Your task is to repeat all of the data exactly while excluding the pictures.

= Beginning of Section =

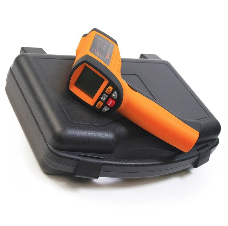 Данный ИК термометр МЕГЕОН 161150 предназначен для измерения температур поверхности различных предметов. Может использоваться без прямого контакта с горячими, опасными или трудно досягаемыми объектами для быстрого и безопасного проведения измерений. Прибор состоит из объектива, усилителя сигнала, процессорной части и ЖК-дисплея. Объектив собирает ИК-энергию, излучаемую объектом и фокусирует ее на сенсоре. Затем сенсор превращает данную энергию в электрический сигнал. После усиления и преобразования сигнала результат измерения в цифровом виде отображается на дисплее. Прибор оснащен подсветкой дисплей и улучшенным лазерным целеуказателем.
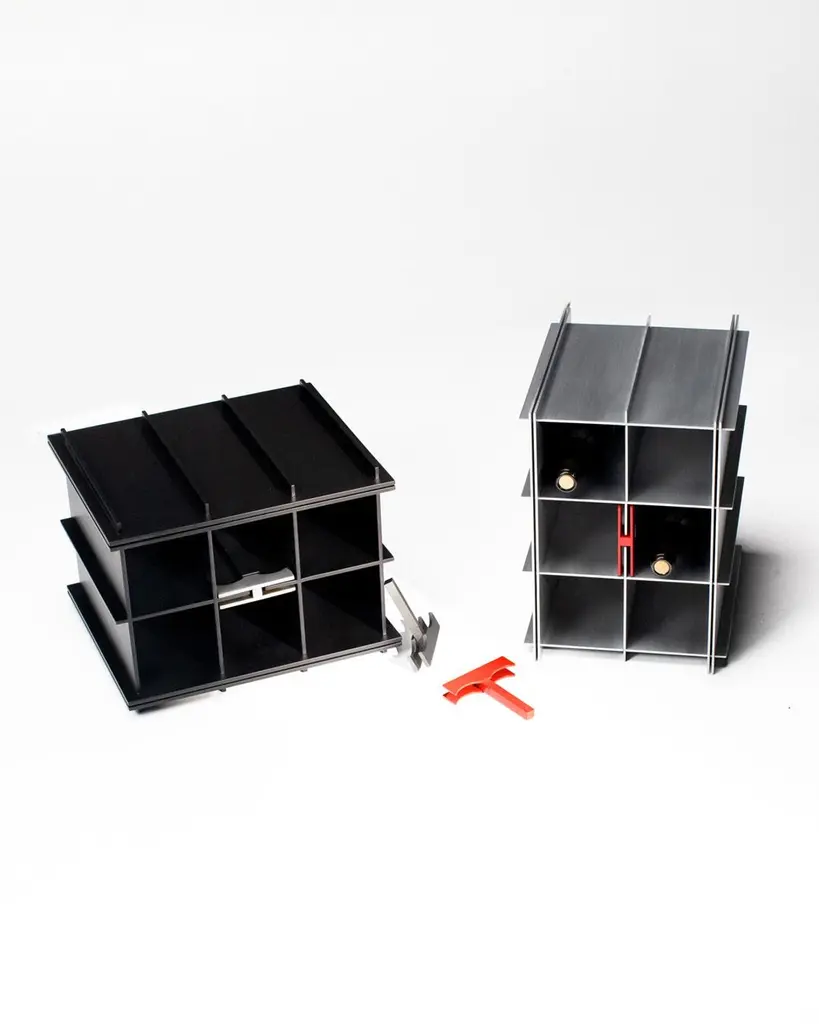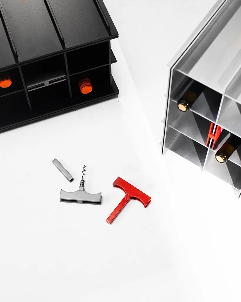 Introducing the "Core" Wine Rack & Corkscrew, that created especially for the wine enthusiasts! At first glance, the Core wine rack exudes a sense of structural order with its clean lines. However, contrast-colored corckscrew is the heart of this wine rack that truly sets it apart. Wine rack begins as a harmonious grid of four horizontal and one middle vertical stainless steel panels. As a following step, two vertical panels with a gap on either side coming together to house 6 bottle of wines – a subtle nod to the collection's signature element repeated throughout the theme. Nestled within the middle section lies a captivating surprise – two perfectly placed corkscrews adorning the front and back sides. Positioned at the heart of the shelves, it becomes the soul of the wine rack, echoing the vivacity and spirit of the collection itself. Raise your glasses to the collective moments!
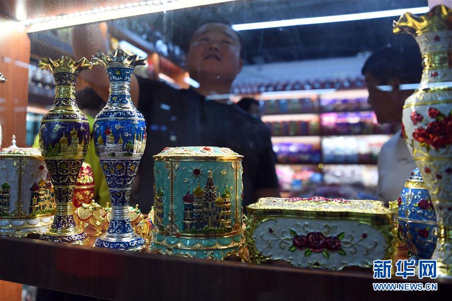 9月4日,在新疆塔城地区巴克图口岸,顾客在丝路文化商品城内选购商品。 新华社记者程丽摄
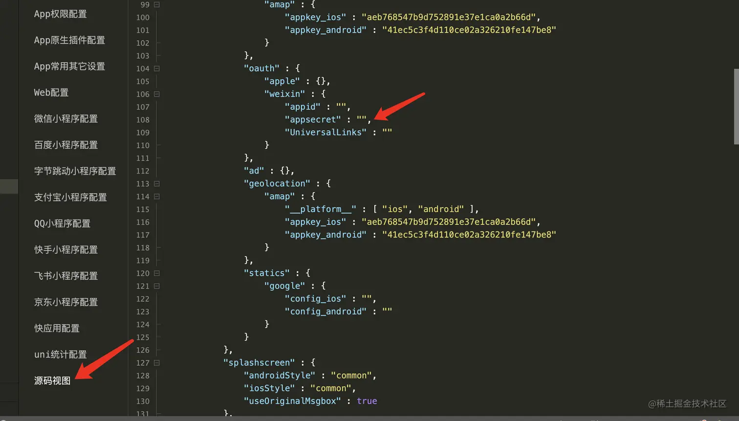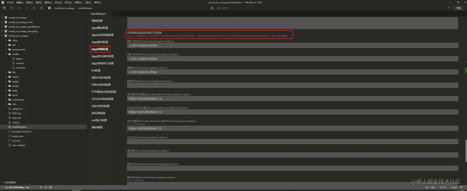 4.点击《App权限配置》,android会自动添加权限,IOS需要配置如下权限
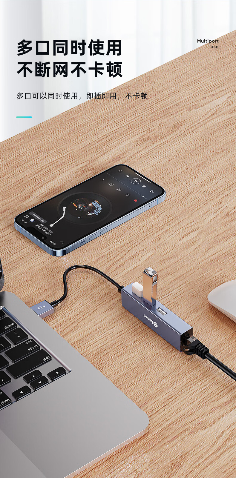 Biaz USB 100 m 네트워크 포트 도킹 스테이션 스플리터 허브 노트북 네트워크 케이블 어댑터

= End of Section =

Expected output
 Данный ИК термометр МЕГЕОН 161150 предназначен для измерения температур поверхности различных предметов. Может использоваться без прямого контакта с горячими, опасными или трудно досягаемыми объектами для быстрого и безопасного проведения измерений. Прибор состоит из объектива, усилителя сигнала, процессорной части и ЖК-дисплея. Объектив собирает ИК-энергию, излучаемую объектом и фокусирует ее на сенсоре. Затем сенсор превращает данную энергию в электрический сигнал. После усиления и преобразования сигнала результат измерения в цифровом виде отображается на дисплее. Прибор оснащен подсветкой дисплей и улучшенным лазерным целеуказателем.
 Introducing the "Core" Wine Rack & Corkscrew, that created especially for the wine enthusiasts! At first glance, the Core wine rack exudes a sense of structural order with its clean lines. However, contrast-colored corckscrew is the heart of this wine rack that truly sets it apart. Wine rack begins as a harmonious grid of four horizontal and one middle vertical stainless steel panels. As a following step, two vertical panels with a gap on either side coming together to house 6 bottle of wines – a subtle nod to the collection's signature element repeated throughout the theme. Nestled within the middle section lies a captivating surprise – two perfectly placed corkscrews adorning the front and back sides. Positioned at the heart of the shelves, it becomes the soul of the wine rack, echoing the vivacity and spirit of the collection itself. Raise your glasses to the collective moments!
 9月4日,在新疆塔城地区巴克图口岸,顾客在丝路文化商品城内选购商品。 新华社记者程丽摄
 4.点击《App权限配置》,android会自动添加权限,IOS需要配置如下权限
 Biaz USB 100 m 네트워크 포트 도킹 스테이션 스플리터 허브 노트북 네트워크 케이블 어댑터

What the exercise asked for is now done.